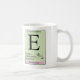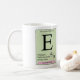 A letra E no alfabeto químico, que representa a configuração estereoquímica Entgegen (trans). Uma caneca inicial de excelente para você, seu amigo ou parente das ciências químicas. Para solicitar um produto personalizado de alfabeto químico, visite mipdatabase.com/products/carequest.php.
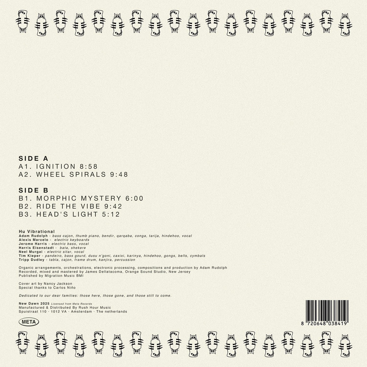 The ensemble of Vibe Ride—Alexis Marcelo, Jerome Harris, Harris Eisenstadt, Neel Murgai, Tim Kieper, and Tripp Dudley—brings exceptional creativity and skill to the project. While grounded in the sonic languages of today, their performance channels an ancient vibrational lineage, connecting with ancestral sound makers who were attuned to the rhythms of the sun, moon, stars, and seasons. Human beings have always been deeply responsive to natural cycles.
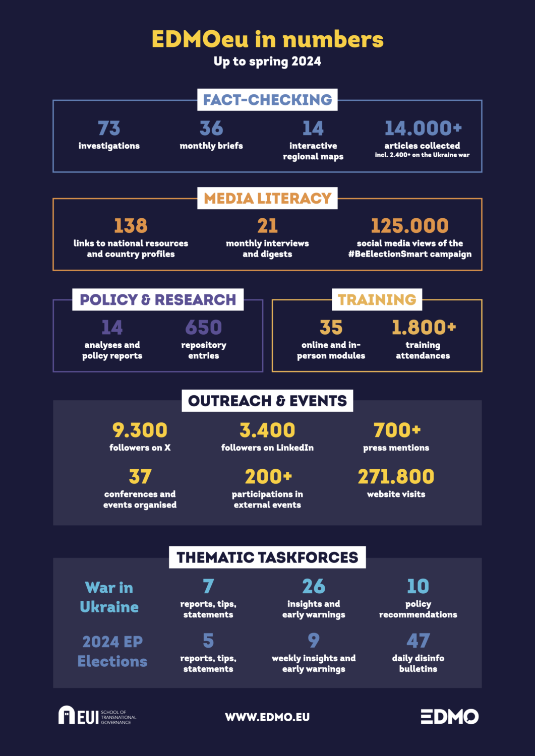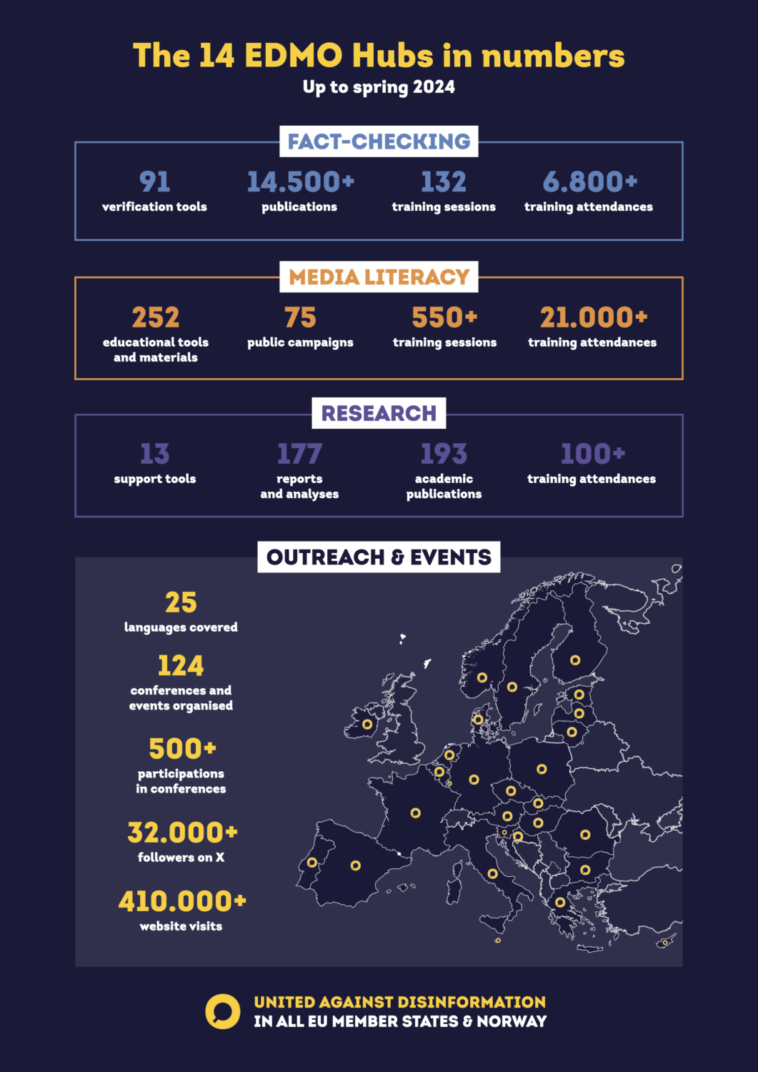 The selection of figures below provides an overview of what our network has so far accomplished in its core areas of activity. As we look towards the next chapter of EDMO, these numbers also serve as an inspiring visualization of what this relatively young network can achieve, and why it is critically important that it continues its work.
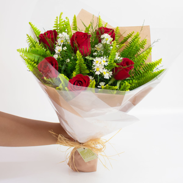 Compartilhe: Buquê de 6 Rosas Nacionais - Vermelho Ref.: 2020988 *Deseja enviar uma mensagem? Não Sim *De: Número Máximo de Caracteres: 60 *Para: Número Máximo de Caracteres: 60 Mensagem do Cartão: Número Máximo de Caracteres: 1200 * Campos Obrigatórios R$139,00 ou 4x de R$34,75 s/ juros unid. Comprar Outras formas de pagamento Calcule seu Frete preços e prazos de entrega Enviar Não sei meu CEP! Detalhes do Produto Lindo e tradicional buquê composto por 6 rosas nacionais e folhagens da estação embalado no papel com laço de ráfia.
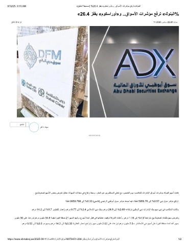 9/12/25, 9:10 AM «ﺞﯾﻠﺧﻟا ﺔﻔﯾﺣﺻ | %26.4 زﻔﻘﯾ «موﻛﺳاروأ»و ..قاوﺳﻷا تارﺷؤﻣ ﻊﻓرﺗ «كوﻧﺑﻟا
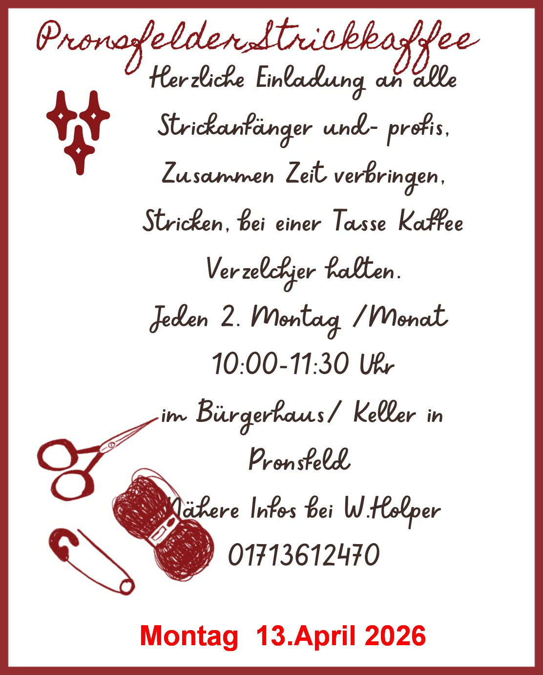 Auf Wunsch der bisherigen Teilnehmer findet das Strickkaffee ganzjährig statt. Jeder ist herzlich willkommen. Es können auch andere Handarbeiten verrichtet werden.
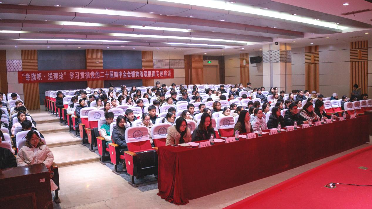 beat365于1月8日下午14:30在霍里山校区图书馆报告厅开展“举旗帜·送理论”学习贯彻党的二十届四中全会精神省级层面专题宣讲活动,安徽省委讲师团理论宣讲专家库成员、安徽农业大学马克思主义学院黄洪雷教授作专题宣讲。校院两级团干部、各组织指导教师及学生干部近300人参与宣讲活动。
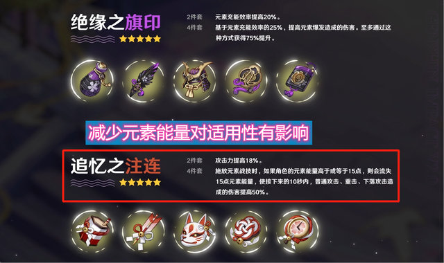 首先,主要的效果和用法!的两件式属性,会提升百分之十八的攻击力,跟角斗士差不多,像那些喜欢使用基础攻击的角色,就特别的符合,当然玩家们还能将其,拆分成两件套使用(刷的区域比较广),甚至可能导致特效。另一方面,四件套属性是角色的能量高于十五点的时,就会瞬间流失十五点元素能量,但在接下来的十秒内,普攻,重击和下落攻击造成的伤害会提升百分之五十(增幅的倍率,不算太夸张),触发效果的机制,还是很苛刻的释放战斗技能元素后的。我更愿意称之为“能量泄漏集”,在这种情况下,它会与那些喜欢用大招的角色发生碰撞。这就导致了局限性,但如果你想灵活运用,还是可行的。毕竟有元素充电效率。只要玩家让角色完成大招,在辅助的帮助下恢复一些能量,就可以全部吃掉。过程比较复杂,建议当时好好学习。
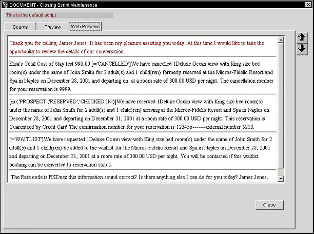The Preview tab allows a preview of the script prior to deploying it to the properties. Preview the appearance of your closing script as it would display from the Reservation screen or the Cross Reservations screen in a Thick Client environment.
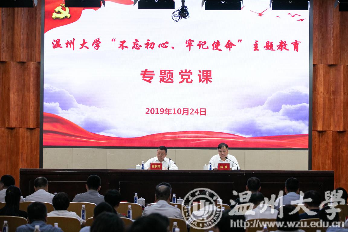 为深入开展“不忘初心、牢记使命”主题教育,坚持用习近平新时代中国特色社会主义思想指导实践,根据校党委部署,10月24日下午,校党委书记谢树华带头上主题教育专题党课,校领导班子成员、全校中层干部参加。省委主题教育第十五巡回指导组组长刘剑虹,成员余键、吴南丰莅临指导。专题党课由校长、党委副书记赵敏主持。
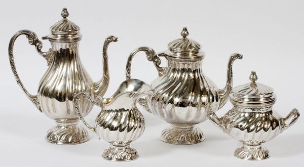 PRESSED LACY CALIFORNIA COVERED SUGARS AND CREAMER, LOT THREE6 days LeftENGLISH SILVER LUSTRE CERAMIC TEA AND COFFEE ARTICLES, LOT OF SIX5 days LeftWilliam Hunter 1842 Sterling Teapot Set of Three23 hrs LeftA FOUR-PIECE SILVER 'BAMBOO' TEA AND COFFEE SERVICE, MARK OF ZEE WO, SHANGHAI, CIRCA 1870-1925Mar 11, 2026Sterling Coffee and Tea Set by Reed & BartonMar 10, 2026Gorham Sterling 5 Pc. Coffee and Tea SetMar 10, 2026Alka Bavaria Rosemarie Tea Pot Creamer & Sugar BowlMar 17, 2026E.G. WEBSTER & SON SILVER-PLATED FIVE-PIECE COFFEE AND TEA SERVICE5 days LeftGorham Plymouth Sterling Silver Coffee & Tea SetMar 19, 2026Bailey, Banks & Biddle Queen Anne Sterling Tea Set1 hr Left(4) PIECE ASSEMBLED STERLING TEA SERVICE6 days LeftWilhelm BINDER. 6-piece tea and coffee set in Queen Anne style. 925, 835 and 800 silver.20 hrs LeftFour Piece Chinese Export Silver Tea and Coffee Set, Marked 'C.J'2 days Left3 pcs Vintage Silver Plated Tea Pots, incl. 5th Ave Co., Meriden & Wilcox. Very Good Condition.Garret Forbes American Coin Silver 4-Piece Tea Set6 days LeftANTIQUE SILVER-PLATE CHILDREN'S TEA SET IN ORIGINAL FITTED BOX6 days Left
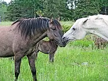 Les contacts entre chevaux peuvent être agressifs (morsure, coup de pied, bousculades) ou bien démontrer une affinité entre congénères, un exemple étant le toilettage mutuel. Le cheval analyse des odeurs en effectuant un flehmen, comportement particulier de flairage permettant l'activation de l'organe voméro-nasal qui a la particularité de détecter les phéromones. La possibilité d'une communication par télépathie est parfois évoquée[64]. Cette communication intuitive permettrait au cheval de ressentir l'état d'esprit de ses congénères et des humains[65]. Cette hypothèse n'est pas reconnue par la communauté scientifique[66].
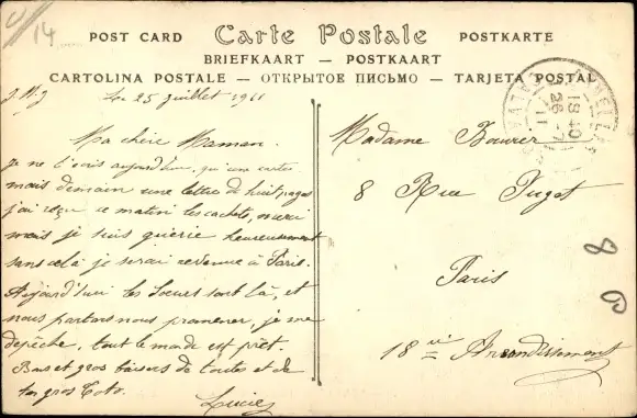 Zustand, siehe Scan, gelaufen, 1911 - ca 14 cm X 9 cm
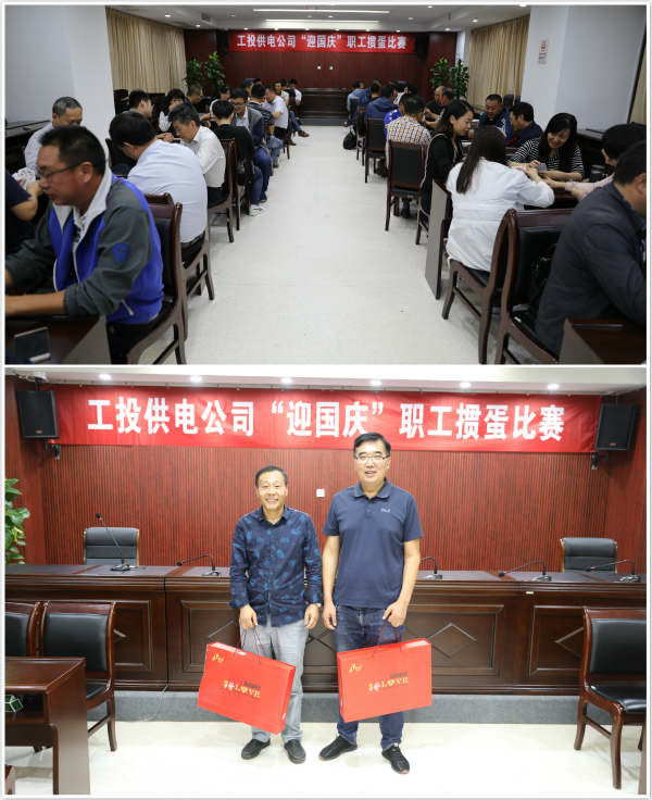 為喜迎國慶佳節(jié),豐富員工業(yè)余生活,加強職工溝通交流。公司于2018年9月30日在1216會議室舉辦“迎國慶”摜蛋比賽。本次活動得到了各單位、部門的熱烈響應,員工踴躍報名參加比賽。最終,采取分會推薦的選撥方式,共有12對選手參加比賽。 經過4輪的激烈角逐,來自徐圩供電所的孫維兵、王志勇組合,過關斬將,榮獲冠軍。(電宣)
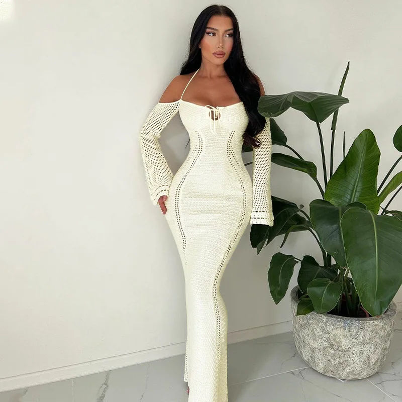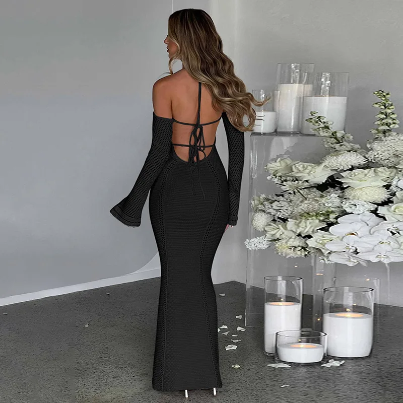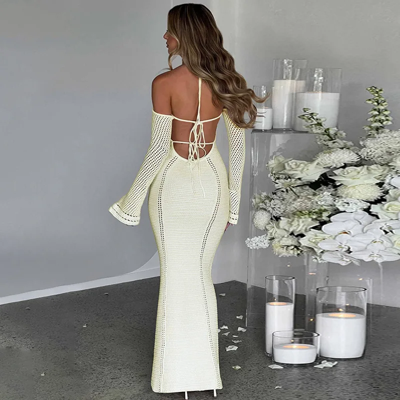 Victoria’s Vogue Hollow Out Backless Knitted Sexy Maxi Dress For Women Autumn New Off-shoulder Strapless Bodycon Long Dress Elegant
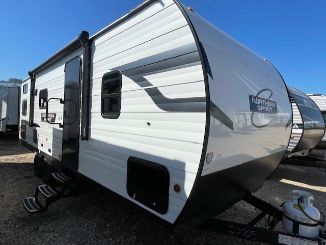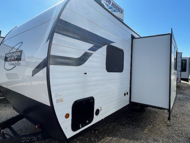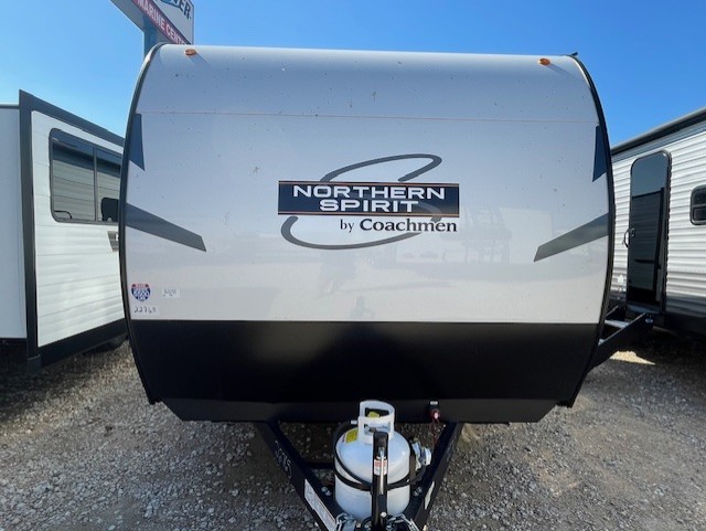 In any Northern Spirit DLX travel trailer by Coachmen, you will find quality craftsmanship along with an affordable price tag. These units each feature four stabilizer jacks to make setting up easier and an enclosed underbelly for added protection as you travel. The Base Camp Package provides each unit with black tank flush, a monitor panel for quick access to the functions of your unit, a 13.5K A/C unit, and a tankless water heater for added convenience. Inside, you'll find seamless countertops, sink covers, a portable Bluetooth speaker, and more comforts!
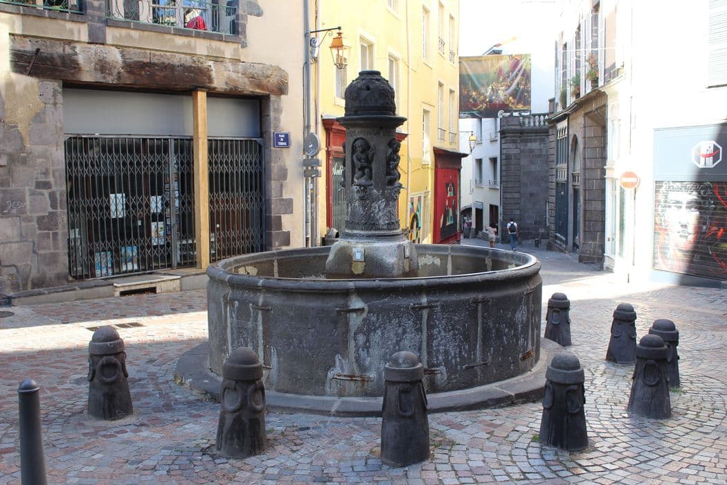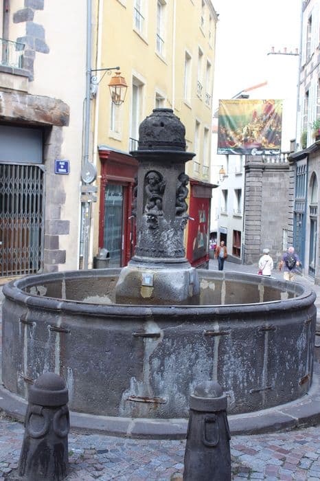 Le Terrail était un lieu de passage très fréquenté au Moyen-Age, tirant son nom d'un marché aux céramiques, la "terraille", qui s'y tenait régulièrement. En 1598, Etienne de la Barge proposa de financer la construction d'une fontaine. Un traité fut passé, mais le projet ne fut pas exécuté. En 1602, une fontaine fut édifiée, puis remaniée en 1684. La fontaine comporte un bassin circulaire et un fût central. Le bassin est décoré au blason de la ville dans une couronne de feuillages et de la devise de l'Auvergne sur une banderolle. Au-dessous de l'écusson se trouvait le millésime dont il ne reste que deux chiffres (16). Le fût central repose sur une pierre d'assise carrée et est terminé par une demi-sphère couverte d'écailles imbriquées. Quatre niches ont été creusées à la partie supérieure, abritant quatre enfants nus représentant les génies des eaux. Ils sont assis sur des dauphins et trois d'entre eux ont chacun un pied sur un escargot. Les têtes des dauphins, d'où jaillissent les jets d'eau, reposent sur des coquillages.

####################

Going by the data above, give back only the lines from the one containing "The selection of" through the one containing "Auf Wunsch der", exactly as they stand, both ends included and no images.

 The selection of figures below provides an overview of what our network has so far accomplished in its core areas of activity. As we look towards the next chapter of EDMO, these numbers also serve as an inspiring visualization of what this relatively young network can achieve, and why it is critically important that it continues its work.
 Compartilhe: Buquê de 6 Rosas Nacionais - Vermelho Ref.: 2020988 *Deseja enviar uma mensagem? Não Sim *De: Número Máximo de Caracteres: 60 *Para: Número Máximo de Caracteres: 60 Mensagem do Cartão: Número Máximo de Caracteres: 1200 * Campos Obrigatórios R$139,00 ou 4x de R$34,75 s/ juros unid. Comprar Outras formas de pagamento Calcule seu Frete preços e prazos de entrega Enviar Não sei meu CEP! Detalhes do Produto Lindo e tradicional buquê composto por 6 rosas nacionais e folhagens da estação embalado no papel com laço de ráfia.
 9/12/25, 9:10 AM «ﺞﯾﻠﺧﻟا ﺔﻔﯾﺣﺻ | %26.4 زﻔﻘﯾ «موﻛﺳاروأ»و ..قاوﺳﻷا تارﺷؤﻣ ﻊﻓرﺗ «كوﻧﺑﻟا
 Auf Wunsch der bisherigen Teilnehmer findet das Strickkaffee ganzjährig statt. Jeder ist herzlich willkommen. Es können auch andere Handarbeiten verrichtet werden.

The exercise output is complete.